I'm currently using a 10% sample of a very large dataset (10 vars, over 300m rows) which amounts to over 200 GB of data when stored in .dta format for the full dataset. Stata is able to handle operations like egen, collapse, merging, etc in a reasonable amount of time for the 10% sample when using Stata-MP on a UNIX server with ~50G of RAM and multiple cores.

However, now I want to move on to analyzing the whole sample. Even if I use a machine that has enough RAM to hold the dataset, simply generating a variable takes ages. (I think perhaps the background operations are causing Stata to run into virtual mem)

The problem is also very amenable to parallelization, i.e., the rows in the dataset are independent of each other, so I can just as easily think about the one large dataset as 100 smaller datasets.

Does anybody have any suggestions for how to process/analyze this data or can give me feedback on some suggestions I currently have? I mostly use Stata/SAS/MATLAB so perhaps there are other approaches that I am simply unaware of.

Here are some of my current ideas:

  1. Split the dataset up into smaller datasets and utilize informal parallel processing in Stata. I can run my cleaning/processing/analysis on each partition and then merge the results after without having the store all the intermediate parts.

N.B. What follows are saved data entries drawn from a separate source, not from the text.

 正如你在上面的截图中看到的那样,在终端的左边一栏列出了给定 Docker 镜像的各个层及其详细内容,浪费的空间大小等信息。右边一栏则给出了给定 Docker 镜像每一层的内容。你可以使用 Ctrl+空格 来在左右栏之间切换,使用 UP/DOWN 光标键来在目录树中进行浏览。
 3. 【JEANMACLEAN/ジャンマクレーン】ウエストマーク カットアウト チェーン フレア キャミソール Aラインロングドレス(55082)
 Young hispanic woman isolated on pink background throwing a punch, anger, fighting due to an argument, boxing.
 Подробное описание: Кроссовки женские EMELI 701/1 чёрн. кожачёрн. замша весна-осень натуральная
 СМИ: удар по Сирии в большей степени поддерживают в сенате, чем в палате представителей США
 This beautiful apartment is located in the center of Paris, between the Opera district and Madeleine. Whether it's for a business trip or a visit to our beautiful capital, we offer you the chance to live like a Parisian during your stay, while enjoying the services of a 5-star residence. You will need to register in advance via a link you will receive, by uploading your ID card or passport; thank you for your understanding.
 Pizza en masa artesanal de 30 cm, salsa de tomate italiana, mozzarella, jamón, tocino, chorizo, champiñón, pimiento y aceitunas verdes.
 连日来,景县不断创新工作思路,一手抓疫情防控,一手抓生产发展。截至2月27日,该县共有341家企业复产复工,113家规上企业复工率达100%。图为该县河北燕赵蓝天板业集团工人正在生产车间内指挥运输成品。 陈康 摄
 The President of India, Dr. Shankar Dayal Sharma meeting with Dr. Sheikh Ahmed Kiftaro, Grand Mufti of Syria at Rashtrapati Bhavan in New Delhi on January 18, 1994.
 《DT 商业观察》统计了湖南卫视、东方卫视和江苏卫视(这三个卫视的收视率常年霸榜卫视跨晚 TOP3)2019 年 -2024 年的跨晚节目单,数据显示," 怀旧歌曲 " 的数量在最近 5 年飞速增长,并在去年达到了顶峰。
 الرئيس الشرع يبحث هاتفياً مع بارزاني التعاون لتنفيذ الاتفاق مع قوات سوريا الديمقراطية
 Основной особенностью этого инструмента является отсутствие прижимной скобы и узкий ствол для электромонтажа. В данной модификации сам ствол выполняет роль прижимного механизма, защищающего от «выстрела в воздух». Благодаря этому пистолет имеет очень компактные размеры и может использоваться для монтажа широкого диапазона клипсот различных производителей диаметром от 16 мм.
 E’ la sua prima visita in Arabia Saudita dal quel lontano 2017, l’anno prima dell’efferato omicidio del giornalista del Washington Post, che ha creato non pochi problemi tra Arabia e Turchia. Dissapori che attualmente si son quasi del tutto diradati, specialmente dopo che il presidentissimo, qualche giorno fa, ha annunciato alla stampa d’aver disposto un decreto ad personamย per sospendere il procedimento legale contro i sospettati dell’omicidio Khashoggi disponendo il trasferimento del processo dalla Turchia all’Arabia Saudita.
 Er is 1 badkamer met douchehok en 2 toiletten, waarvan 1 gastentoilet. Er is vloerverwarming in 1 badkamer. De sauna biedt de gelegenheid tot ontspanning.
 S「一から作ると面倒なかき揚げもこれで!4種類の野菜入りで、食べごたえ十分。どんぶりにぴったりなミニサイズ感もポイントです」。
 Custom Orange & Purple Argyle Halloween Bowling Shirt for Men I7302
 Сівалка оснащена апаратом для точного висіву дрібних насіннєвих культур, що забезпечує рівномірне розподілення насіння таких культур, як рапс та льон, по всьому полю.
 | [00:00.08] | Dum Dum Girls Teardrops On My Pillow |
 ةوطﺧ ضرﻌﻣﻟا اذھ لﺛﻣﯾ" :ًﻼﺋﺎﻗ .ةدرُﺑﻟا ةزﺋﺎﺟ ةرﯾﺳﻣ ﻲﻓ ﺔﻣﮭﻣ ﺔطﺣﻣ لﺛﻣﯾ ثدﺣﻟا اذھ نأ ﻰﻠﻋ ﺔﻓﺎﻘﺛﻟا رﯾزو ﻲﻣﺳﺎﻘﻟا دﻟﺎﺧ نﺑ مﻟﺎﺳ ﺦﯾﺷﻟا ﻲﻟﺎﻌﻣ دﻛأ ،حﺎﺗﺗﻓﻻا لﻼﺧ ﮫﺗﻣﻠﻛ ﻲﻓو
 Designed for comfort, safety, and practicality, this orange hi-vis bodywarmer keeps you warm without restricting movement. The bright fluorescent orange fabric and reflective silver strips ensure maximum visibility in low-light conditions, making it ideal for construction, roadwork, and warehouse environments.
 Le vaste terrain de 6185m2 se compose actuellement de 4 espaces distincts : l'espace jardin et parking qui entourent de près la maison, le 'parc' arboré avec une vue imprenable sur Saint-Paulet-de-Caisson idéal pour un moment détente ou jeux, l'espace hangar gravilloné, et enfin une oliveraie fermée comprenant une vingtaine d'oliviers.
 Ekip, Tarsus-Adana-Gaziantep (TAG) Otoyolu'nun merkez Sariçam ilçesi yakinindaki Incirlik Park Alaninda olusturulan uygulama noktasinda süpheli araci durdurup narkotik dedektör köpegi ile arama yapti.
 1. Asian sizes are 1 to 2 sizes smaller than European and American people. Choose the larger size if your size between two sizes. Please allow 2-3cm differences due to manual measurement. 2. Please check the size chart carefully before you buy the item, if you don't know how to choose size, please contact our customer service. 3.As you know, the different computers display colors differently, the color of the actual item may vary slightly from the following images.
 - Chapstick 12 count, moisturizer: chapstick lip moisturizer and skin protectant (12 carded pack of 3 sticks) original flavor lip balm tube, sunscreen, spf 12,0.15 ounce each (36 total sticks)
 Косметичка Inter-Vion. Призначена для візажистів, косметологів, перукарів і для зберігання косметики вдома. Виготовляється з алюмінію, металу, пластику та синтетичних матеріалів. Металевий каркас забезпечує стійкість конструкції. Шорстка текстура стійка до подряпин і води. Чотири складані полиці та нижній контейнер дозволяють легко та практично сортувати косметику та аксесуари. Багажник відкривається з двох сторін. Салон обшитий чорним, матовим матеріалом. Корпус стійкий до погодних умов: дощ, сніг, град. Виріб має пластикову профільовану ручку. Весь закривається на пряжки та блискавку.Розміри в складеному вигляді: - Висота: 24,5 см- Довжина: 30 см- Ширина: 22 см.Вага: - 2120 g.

  2. Use SQL to store the data and also perform some of the data manipulation such as aggregating over certain values. One concern here is that some tasks that Stata can handle fairly easily such as comparing values across time won't work so well in SQL. Also, I'm already running into performance issues when running some queries in SQL on a 30% sample of the data. But perhaps I'm not optimizing by indexing correctly, etc. Also, Shard-Query seems like it could help with this but I have not researched it too thoroughly yet.

  3. R also looks promising, but I'm not sure if it would solve the problem of working with this enormous amount of data.

2
JSS has a timely article covering such issues from R's perspective. Might be of some help, however the size of the data they are using in examples is 12GB I think.radek

2 Answers

2
votes

Thanks to those who have commented and replied. I realized that my problem is similar to this thread. I have re-written some of my data manipulation code in Stata into SQL and the response time is much quicker. I believe I can make large optimization gains by correctly utilizing indexes and using parallel processing via partitions/shards if necessary. After all the data manipulation has been done, I can import that data via ODBC in Stata.

1
votes

Since you are familiar with Stata there is a well documented FAQ about large data sets in Stata Dealing with Large Datasets: you might find this helpful.

I would clean via columns, splitting those up, running any specific cleaning routines and merge back in later.

Depending on your machine resources, you should be able to hold the individual columns in multiple temporary files using tempfile. Taking care to select only the variables or columns most relevant to your analysis should reduce the size of your set quite a lot.